Question

Prove that the angles in an equilateral triangle are $60^\circ $.

Answer 1

Hint: Equilateral triangles have three sides equal. This gives the three angles of the triangle are also equal. Sum of angles of any triangle is equal to $180^\circ $. Combining these we get the proof.

Formula used:
The sum of the angles in any triangle is equal to $180^\circ $.

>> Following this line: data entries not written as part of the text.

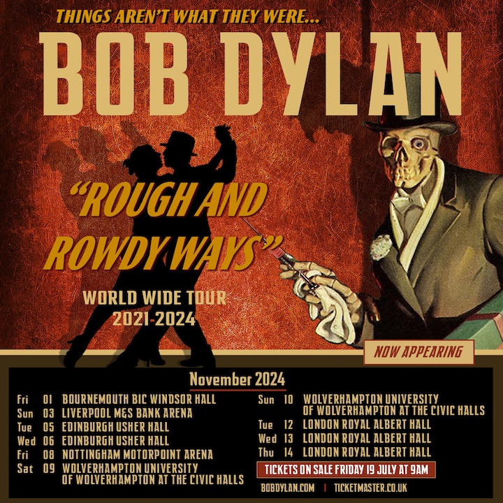 The Rough and Rowdy Ways tour will also see Bob Dylan’s return to Edinburgh concert since 2009, plus returns to Nottingham and Liverpool. The tour also includes a visit to the newly refurbished Civic Hall in Wolverhampton – a venue which has played host to the biggest musical artists of all time from Bob Marley to The Who to David Bowie. Bob Dylan’s stage time for each of these shows will be 7.30pm, with the exception of London’s Royal Albert Hall where he will take to the stage at 8.00pm. Full tour dates below.
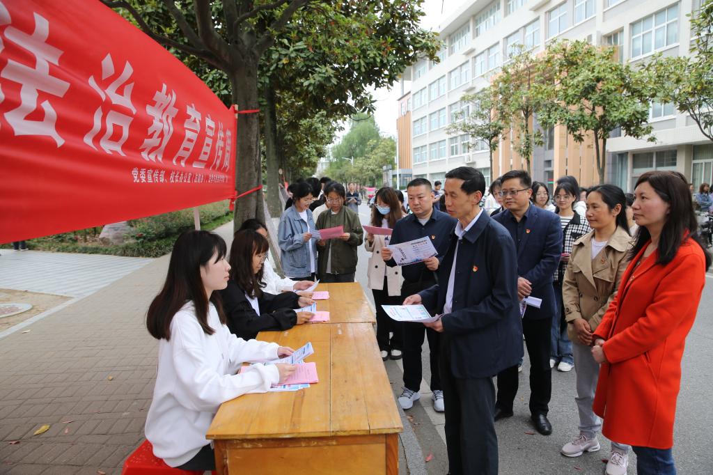 岳宗德一行在现场观看了法治展板、横幅和宣传页,与参加普法宣传的师生进行了交谈。他对我校的法治教育宣传周活动提出三点要求:一要高度重视,强化认识。开展校园法治宣传教育活动,对于我们加强法治校园建设和清廉校园建设,进一步增强广大师生法治观念,弘扬社会主义法治精神,引导师生做社会主义法治的忠实崇尚者、自觉遵守者、坚定捍卫者,具有重要意义。二要坚持以习近平法治思想为引领,坚持立德树人这个根本,落实全省教育系统“八五”普法规划,开创校园法治宣传教育新格局,推动我校校园法治教育走深走实。三要结合实际,增强法治宣传教育的针对性和实效性。要结合当前宪法教育、国家安全教育、大学章程宣传、防范电信诈骗等重点,以广大师生喜闻乐见、丰富多彩的形式开展校园法治宣传活动,引导广大师生牢固树立法治意识、规则意识,提高明辨是非的能力,将法治精神内化为精神追求,外化为自觉行动,提升大家运用法治思维和法治方式解决问题的能力。
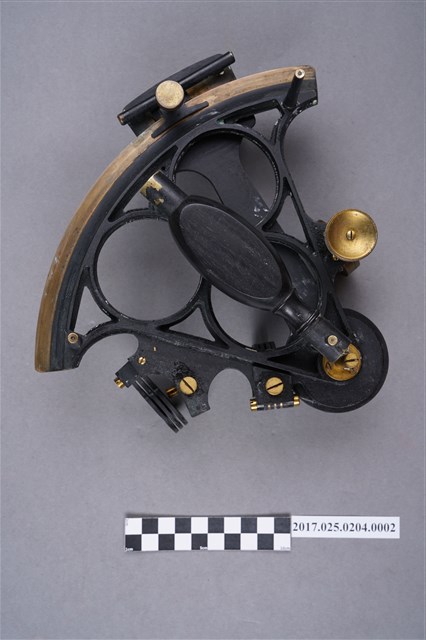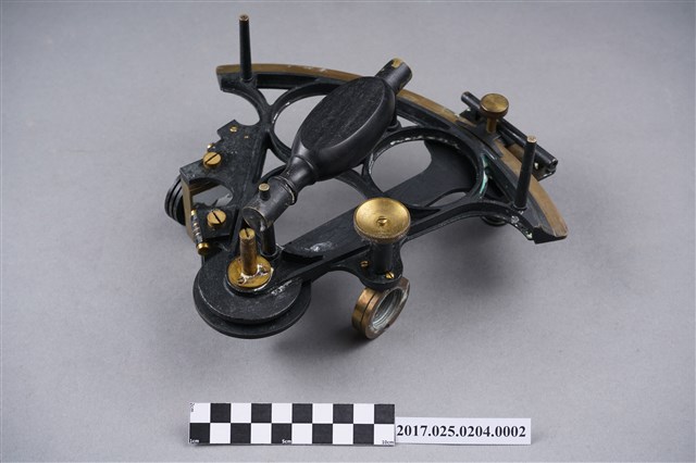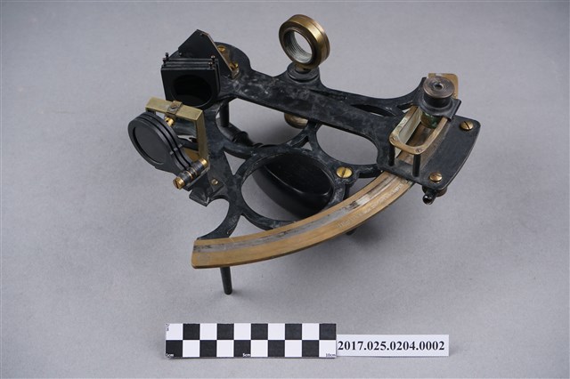 本文物為六分儀,包括儀架、釋放桿、分離鼓、指標桿、水平色鏡、水平鏡、指標色鏡等構造。

Complete step-by-step answer:
To prove each of the three angles in an equilateral triangle is equal to $60^\circ $.
Equilateral triangle is the type of triangle with all the three sides equal.
We have three sides equal implies the three angles of the triangle are also equal.
Also we know that the sum of the angles in any triangle is equal to $180^\circ $.
This gives three times the angle of an equilateral triangle is equal to $180^\circ $.
Let each angle be $x$.
Now we can say $3x = 180^\circ $
So we have the angles of the equilateral triangle is equal to $\dfrac{{180^\circ }}{3} = 60^\circ $.

Additional information:
Equilateral triangle has other peculiarities as well.
In an equilateral triangle, in-centre and circum-centre coincide and circum-radius is twice the in-radius.
The perpendicular bisector of a side is also the angle bisector of the angle opposite to it.
The area of an equilateral triangle with side $a$ is given by $\dfrac{{\sqrt 3 {a^2}}}{4}$.

Note: We can draw equilateral triangles with any measurement for sides. Anyway the angles remain constant and equal to $60^\circ $. In the other way we can say that if the three angles of a triangle are $60^\circ $, then the triangle is equilateral.